§ The task
Omit the pictures and reproduce the rest of the listing exactly.

§ Data below
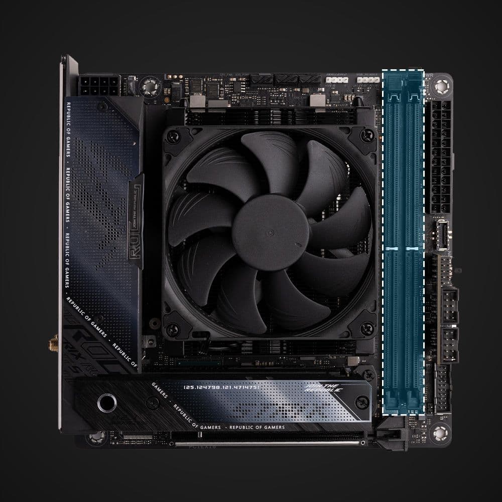 The NH-L9a-AM5 has a compact footprint that fully complies with the socket keep-out zones specified by AMD. This means that neither the heatsink nor the fan overhang the RAM, so the cooler provides easy access to the slots and is fully compatible with tall memory modules.
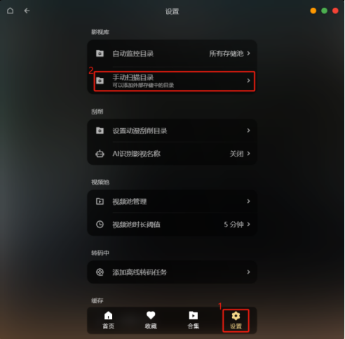 點(diǎn)擊影視應(yīng)用的底下的“設(shè)置”,再點(diǎn)擊“手動(dòng)掃描目錄”進(jìn)到手動(dòng)掃描目錄管理。
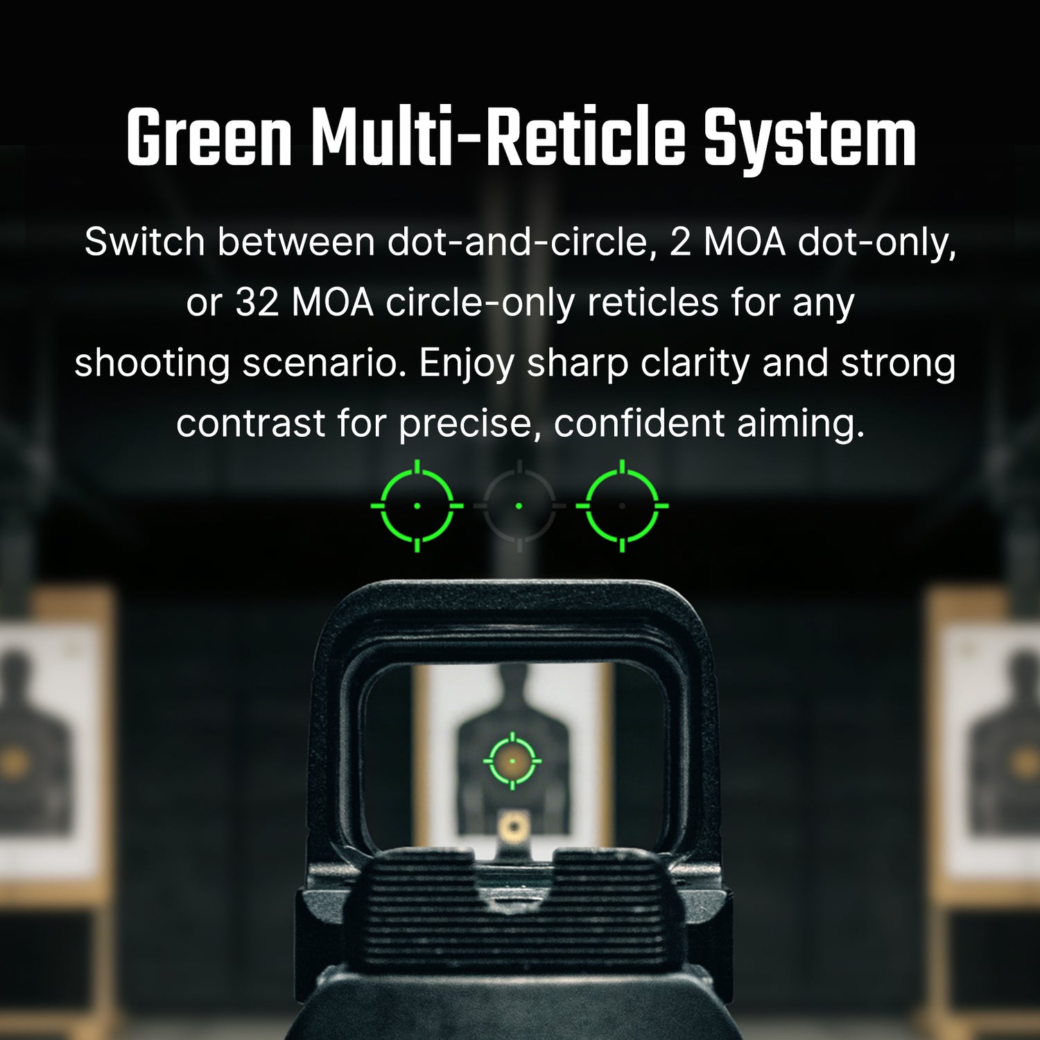 - MRS Reticle: 2 MOA Dot + 32 MOA Circle or toggle between just a dot or just a circle.

§ Result of this exercise
 The NH-L9a-AM5 has a compact footprint that fully complies with the socket keep-out zones specified by AMD. This means that neither the heatsink nor the fan overhang the RAM, so the cooler provides easy access to the slots and is fully compatible with tall memory modules.
 點(diǎn)擊影視應(yīng)用的底下的“設(shè)置”,再點(diǎn)擊“手動(dòng)掃描目錄”進(jìn)到手動(dòng)掃描目錄管理。
 - MRS Reticle: 2 MOA Dot + 32 MOA Circle or toggle between just a dot or just a circle.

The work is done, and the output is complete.